But most people don't use adblockers. They are going after like 10% of their user base

[-] [email protected] 1 points 1 year ago

The corporatization of the world feels like it's coming to a head. You're not allowed to own anything anymore. Everything is a subscription and it's impossible to afford property. You just rent everything putting you on constant edge until you die.

[-] [email protected] 1 points 1 year ago

I was just thinking the exact same thing. Things seems to have accelerated lately, but I don't know if this is something regular users even notice or care about and it just feels significant to us because of the recent twitter and reddit idiocy.

I am super excited about all the attention the fediverse is getting. There are still a ton issues to be solved here, but decentralization feels like the next evolutionary step of the web.

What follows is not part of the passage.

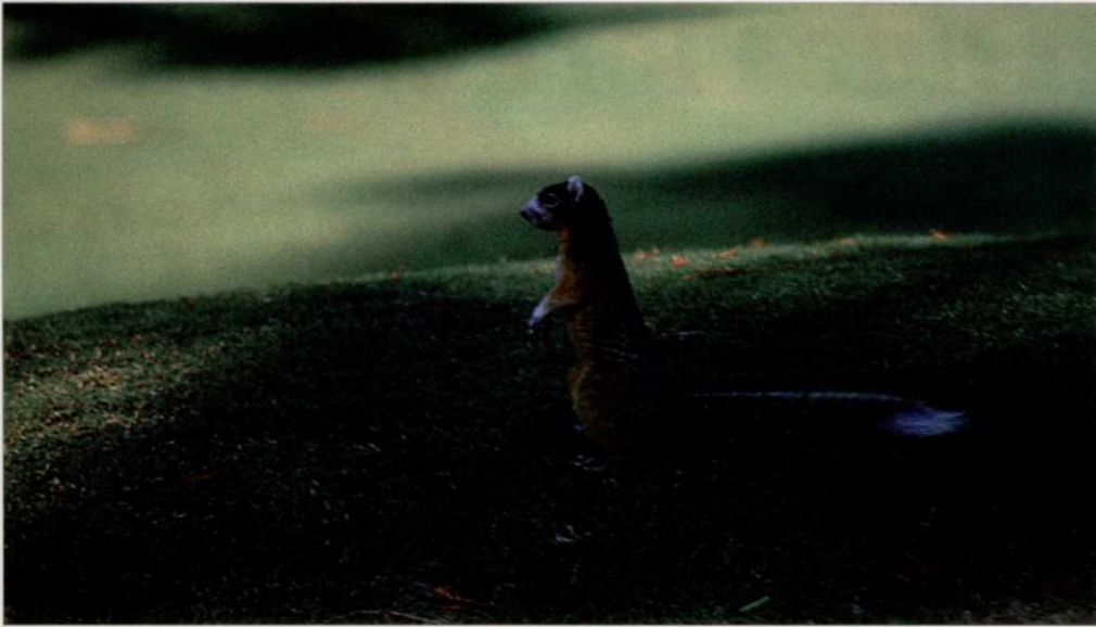
Fox squirrels are native to pine forests with open understories and spend a lot of time on the ground so golf courses with open pine and cypress stands are good habitat for them.

ment, the upland pines, is also their prime habitat," Ditgen said. "They disappear shortly after intense development because they just don't do well with cars and cats and dogs."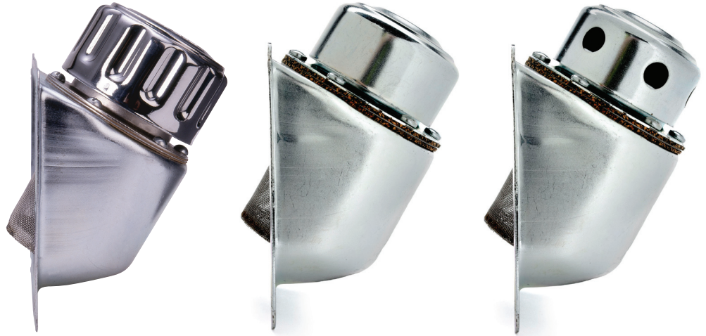
SM assemblies are available with several caps see catalog Page 4b

Burrs should be removed from around the 3" x 3.5" "opening and bolt holes, to provide a good sealing surface for the housing flange gasket. The metal surface should be flat in the mounting area, within the limits of 1/16" thick flange gasket furnished. Parts should be installed as shown in (figure 4). CARE SHOULD BE TAKEN TO MAKE SURE THE PLASTIC SEALS ARE LOCATED UNDER EACH OF THE HEX HEAD BOLT HEADS, with the plate washers used inside of the reservoir with the hex nuts. This is to provide for sealing against any possible seepage following along the crest of the bolt heads.

One of the issues is "who's gonna pay for it"? And I think the answer is something like "most users are", in the sense that you'd pay your local instance, the same way you used to pay for newsgroups. Thus keeping it out of the hands of venture capitalists, hedge funds and billionaires in general, because hopefully we've learned that that's a bad thing.

[-] [email protected] 1 points 1 year ago

Big tech was basically a big dumping scheme, built on top of cheap money (i.e. low interest rates). This prevented smaller competitors from challenging oligarchs, but now the interest rates are too high for this to be sustainable, so they are scrambling to make their businesses actually profitable without admitting the entire business model was unethical and, well... just plain stupid in the long term.

[-] [email protected] 0 points 1 year ago

Turns out that storing and delivering petabytes of data isn't free.

[-] [email protected] 1 points 1 year ago

We never assumed it was, where do you think these billionaires got their money?

[-] [email protected] 0 points 1 year ago

This is the fallout from the technology industry shrinking and coming to terms with itself. See the crash of the Silicon Bank recently as an example. Basically as the positive outlook toward these kind of businesses and pursuits continues to mellow out we'll see these companies look inward to squeeze as much money out of their products as possible.

[-] [email protected] 4 points 1 year ago

I feel like this is the best outcome because we've seen people address what really matters to them. People are switching to more local solutions. Engaging with communities they actually care about.